In the initial scramble to explain this we were told that this was merely a logging road. I think that it is still on record with the EPA as being a logging road.

Next we were told that this road was part of the county’s long-range plan. We found that it was not.

Then the road became a “connector” and the county engineer attempted to justify it based on the needs of the public —a solution looking for a problem. His best efforts produced four possible reasons for the road, which ranged from wrong to laughable.

Faced with the facts, the City Council approved the road anyway in the interest of “development.” The county commissioners followed suit. They approved spending SPLOST dollars for a road that has no purpose and for a development plan that does not exist and for which the cost to the taxpayers is unlimited. We will be on the hook for all costs above $2 million. There is a blank check to build this road through the Callaway property.

There are several lessons here, which are worth sharing:

First, the idea that our elected officials govern our community is a myth. They are well-meaning people who can only deal with what they are told by municipal employees.

They were not told about the deal to spend SPLOST money on this road until the project was well under way.
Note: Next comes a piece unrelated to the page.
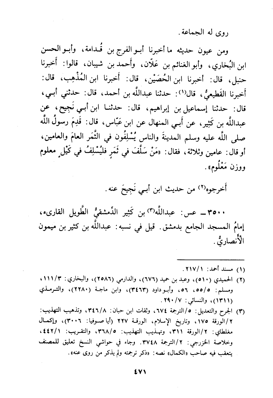 3500 - عس: عَبد اللَّهِ بن كثير الدمشقي الطويل القارئ (3) ، إمام المسجد الجامع بدمشق. قِيلَ فِي نسبه: عَبد اللَّهِ بن كثير بن ميمون الأَنْصارِيّ.

Then they believed everything that they were told.

Second, our SPLOST money goes into a pool — slush fund? — to be spent for projects chosen by city and county employees — not elected officials. If the county had been forced to go to the voters for tax money to build this road through the Callaway property the result would have been quite different.

I, personally, will not vote for another SPLOST unless I know exactly where the money will be spent and who will do the spending.

Third, and most disturbing, is the tendency to “circle the wagons” rather than to engage in public discussion of the issues. Rather than critical thinking, the attitude was that this road must be justified at all costs.

An inbred culture? Political pressure from the Callaway Foundation? Whatever the cause it’s going to cost the taxpayers a lot of money for a road that is not needed.

I’d like to express my sincere gratitude to the hundreds of people who have supported this effort verbally, in writing and financially. My hope is that in the long run we will all benefit. Thank you.